WHAT THE TASK ASKS » The answer is the line with "Se spala si" and every line after it to the end of the listing, retyped exactly. Pictures do not belong in it.
*** Opening INPUT FOR THIS TASK ***
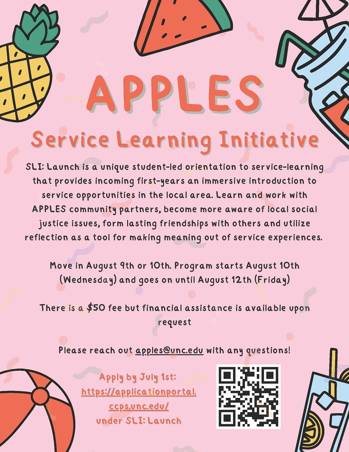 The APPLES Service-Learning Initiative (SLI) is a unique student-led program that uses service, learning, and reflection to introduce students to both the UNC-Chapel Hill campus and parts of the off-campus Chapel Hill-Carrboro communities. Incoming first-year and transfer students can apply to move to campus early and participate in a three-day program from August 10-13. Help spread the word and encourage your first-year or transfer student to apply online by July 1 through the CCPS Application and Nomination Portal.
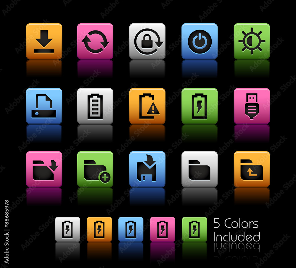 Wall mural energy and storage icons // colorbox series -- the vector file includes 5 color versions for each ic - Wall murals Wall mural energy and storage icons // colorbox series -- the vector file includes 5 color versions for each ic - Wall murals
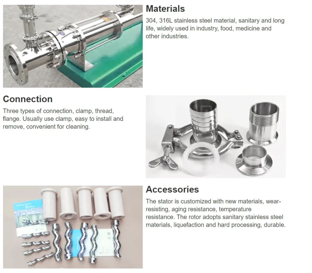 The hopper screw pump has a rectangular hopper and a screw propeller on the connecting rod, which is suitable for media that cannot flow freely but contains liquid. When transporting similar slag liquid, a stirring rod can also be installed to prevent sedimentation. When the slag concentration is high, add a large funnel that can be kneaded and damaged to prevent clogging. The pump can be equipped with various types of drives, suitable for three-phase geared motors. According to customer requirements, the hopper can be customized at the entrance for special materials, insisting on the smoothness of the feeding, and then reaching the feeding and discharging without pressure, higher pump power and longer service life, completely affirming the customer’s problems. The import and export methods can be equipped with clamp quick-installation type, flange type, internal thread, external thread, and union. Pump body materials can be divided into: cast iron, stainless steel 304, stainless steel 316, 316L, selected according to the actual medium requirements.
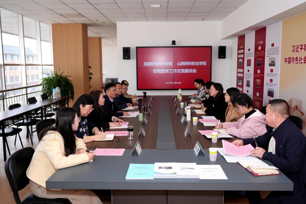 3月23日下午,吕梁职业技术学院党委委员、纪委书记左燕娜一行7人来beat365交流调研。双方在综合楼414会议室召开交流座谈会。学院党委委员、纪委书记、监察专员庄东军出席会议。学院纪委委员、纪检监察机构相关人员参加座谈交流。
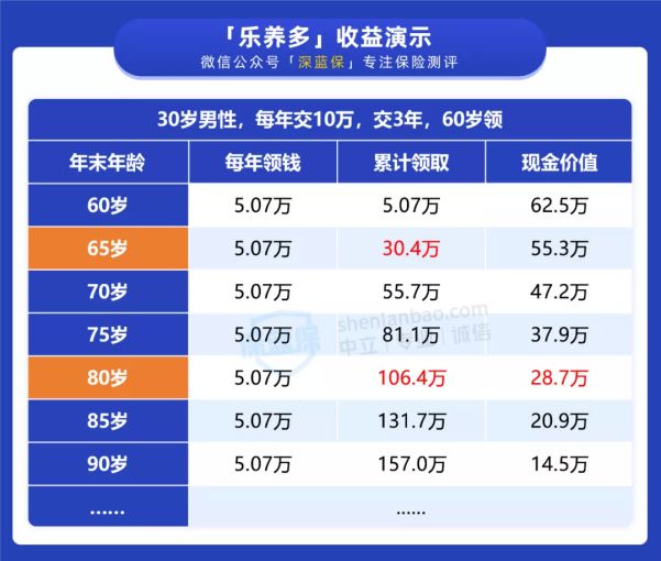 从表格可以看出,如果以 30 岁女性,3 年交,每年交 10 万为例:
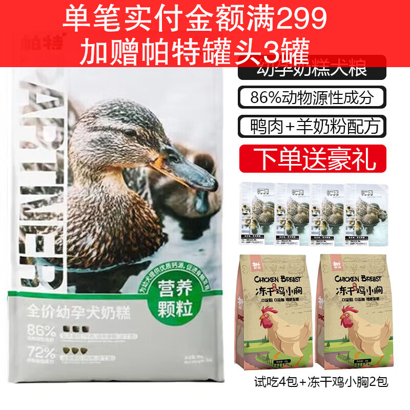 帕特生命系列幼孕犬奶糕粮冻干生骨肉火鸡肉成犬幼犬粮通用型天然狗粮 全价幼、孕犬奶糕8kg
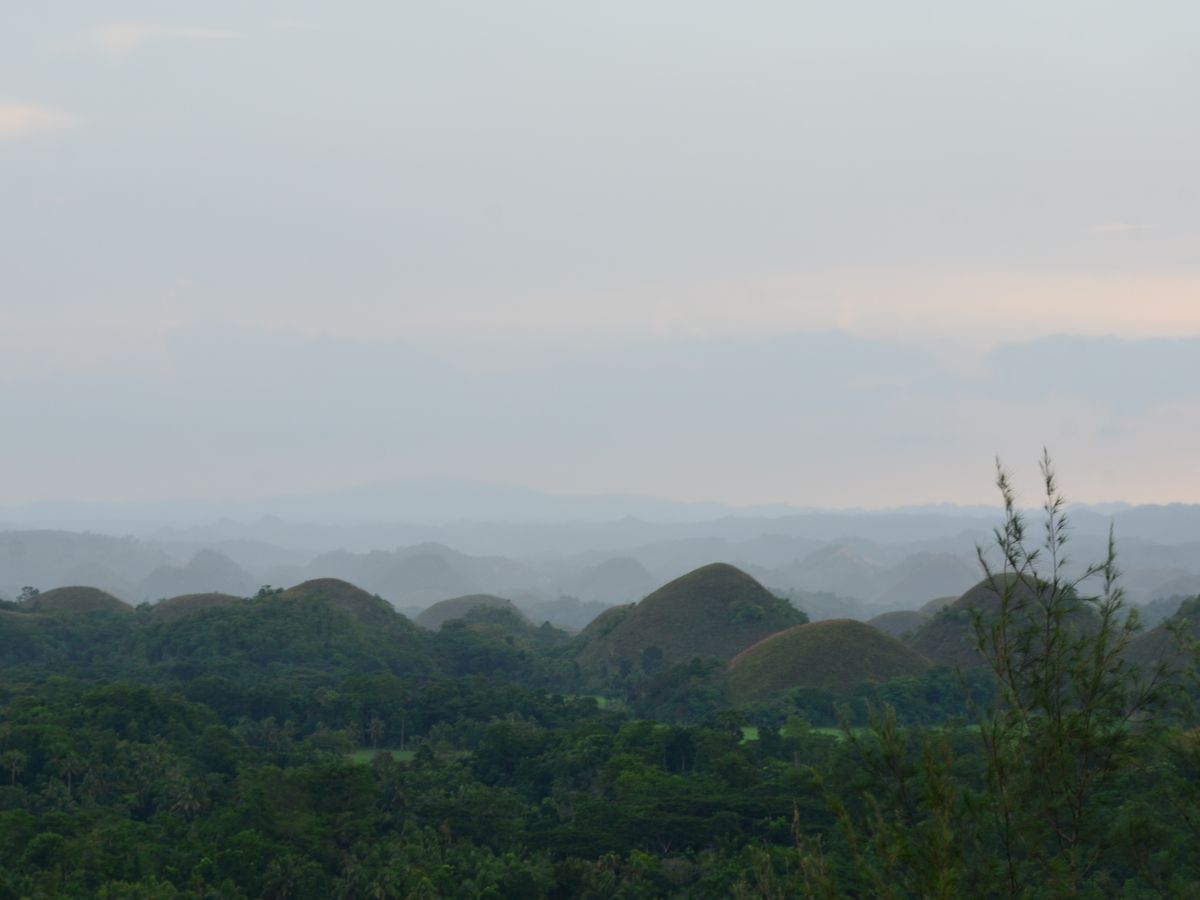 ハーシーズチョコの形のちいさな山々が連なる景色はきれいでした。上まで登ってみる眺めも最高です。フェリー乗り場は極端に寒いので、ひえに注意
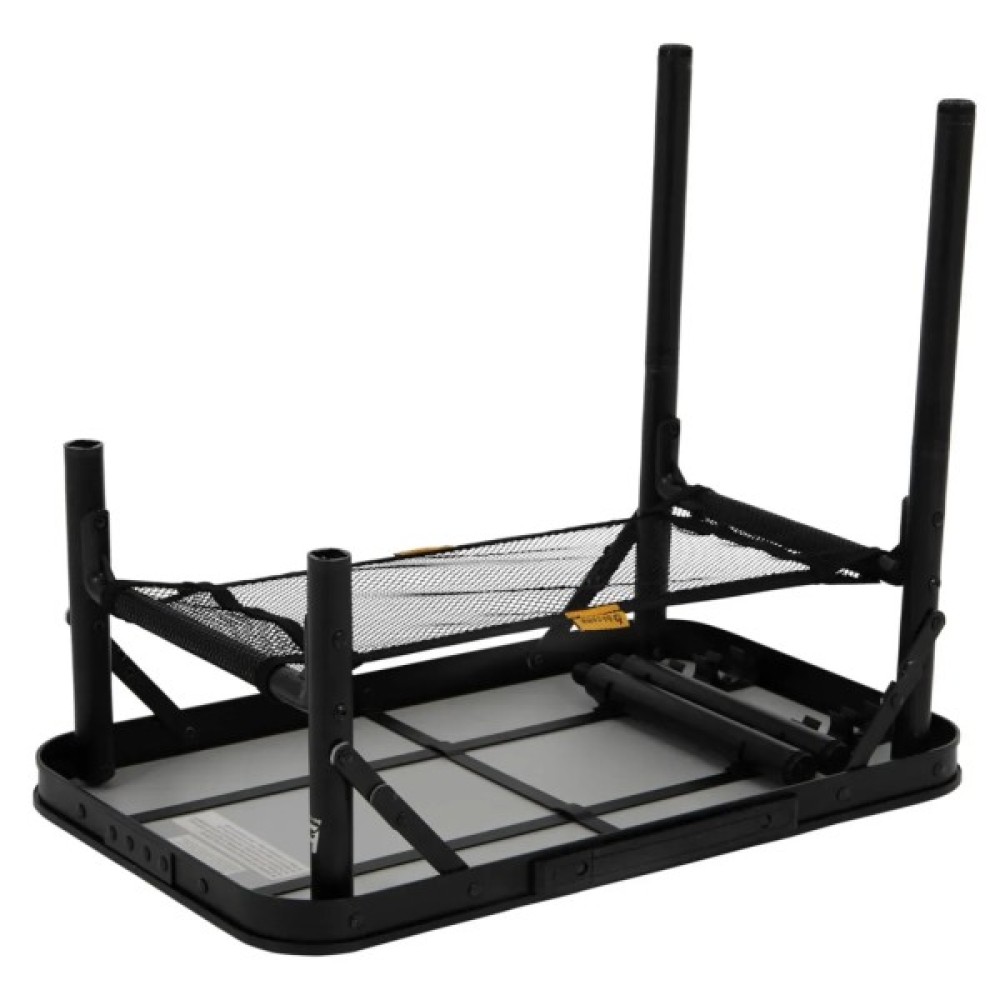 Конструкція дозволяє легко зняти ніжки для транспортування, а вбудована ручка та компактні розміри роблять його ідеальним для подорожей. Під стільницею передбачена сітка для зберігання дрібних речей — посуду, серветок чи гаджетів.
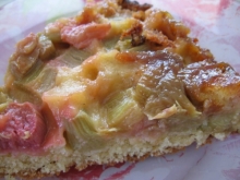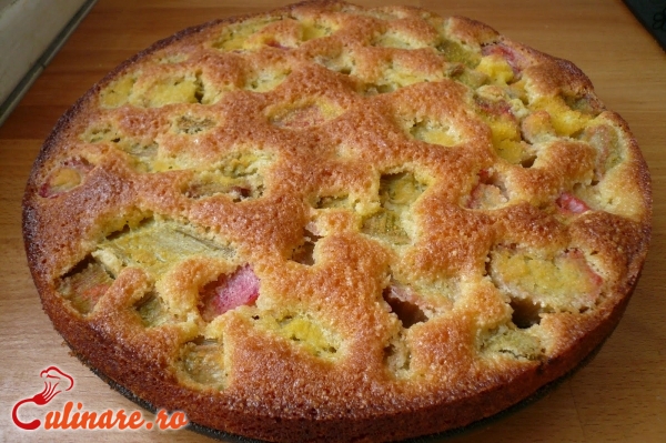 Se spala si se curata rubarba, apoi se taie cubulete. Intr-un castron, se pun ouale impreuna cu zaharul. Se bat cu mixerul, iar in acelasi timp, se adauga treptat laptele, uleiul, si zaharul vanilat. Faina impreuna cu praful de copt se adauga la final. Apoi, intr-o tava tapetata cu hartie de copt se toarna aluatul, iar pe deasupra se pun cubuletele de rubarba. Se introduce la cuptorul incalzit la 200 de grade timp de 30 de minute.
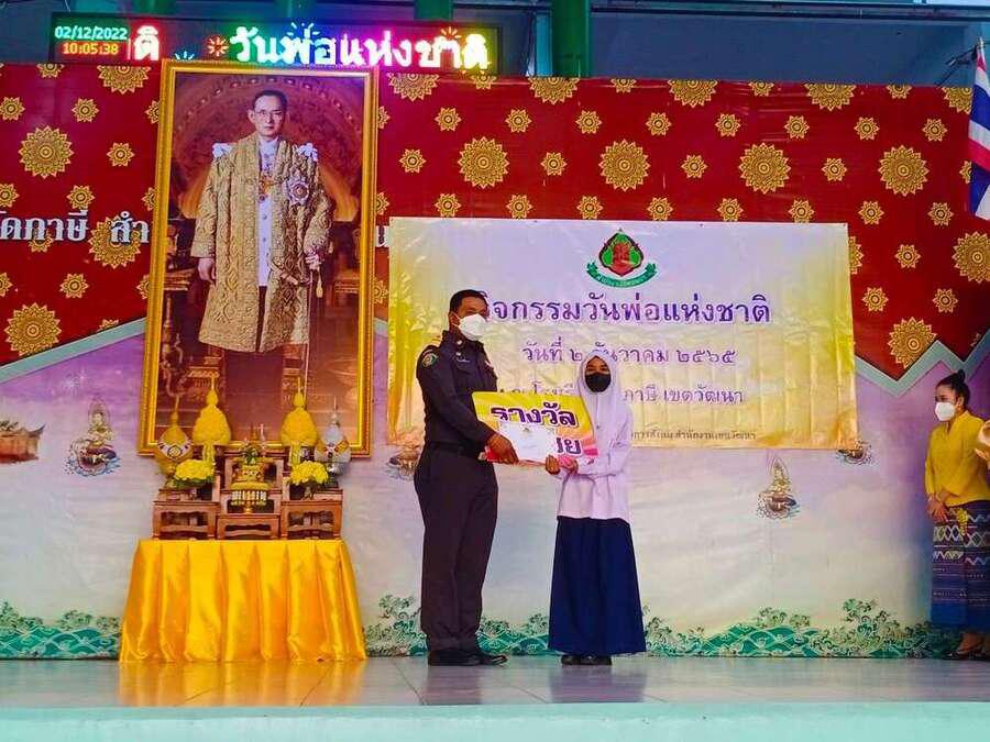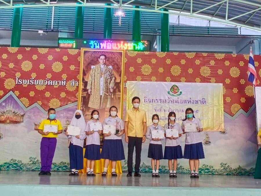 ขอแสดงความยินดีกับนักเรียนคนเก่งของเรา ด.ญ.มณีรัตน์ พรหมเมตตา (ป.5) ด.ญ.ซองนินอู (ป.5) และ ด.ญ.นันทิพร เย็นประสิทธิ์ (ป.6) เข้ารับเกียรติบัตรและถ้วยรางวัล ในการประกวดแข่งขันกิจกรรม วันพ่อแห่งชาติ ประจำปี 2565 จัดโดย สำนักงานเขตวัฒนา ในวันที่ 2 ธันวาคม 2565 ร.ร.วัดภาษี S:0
*** Closing INPUT FOR THIS TASK ***
SOLUTION TO THE PROBLEM »
 Se spala si se curata rubarba, apoi se taie cubulete. Intr-un castron, se pun ouale impreuna cu zaharul. Se bat cu mixerul, iar in acelasi timp, se adauga treptat laptele, uleiul, si zaharul vanilat. Faina impreuna cu praful de copt se adauga la final. Apoi, intr-o tava tapetata cu hartie de copt se toarna aluatul, iar pe deasupra se pun cubuletele de rubarba. Se introduce la cuptorul incalzit la 200 de grade timp de 30 de minute.
 ขอแสดงความยินดีกับนักเรียนคนเก่งของเรา ด.ญ.มณีรัตน์ พรหมเมตตา (ป.5) ด.ญ.ซองนินอู (ป.5) และ ด.ญ.นันทิพร เย็นประสิทธิ์ (ป.6) เข้ารับเกียรติบัตรและถ้วยรางวัล ในการประกวดแข่งขันกิจกรรม วันพ่อแห่งชาติ ประจำปี 2565 จัดโดย สำนักงานเขตวัฒนา ในวันที่ 2 ธันวาคม 2565 ร.ร.วัดภาษี S:0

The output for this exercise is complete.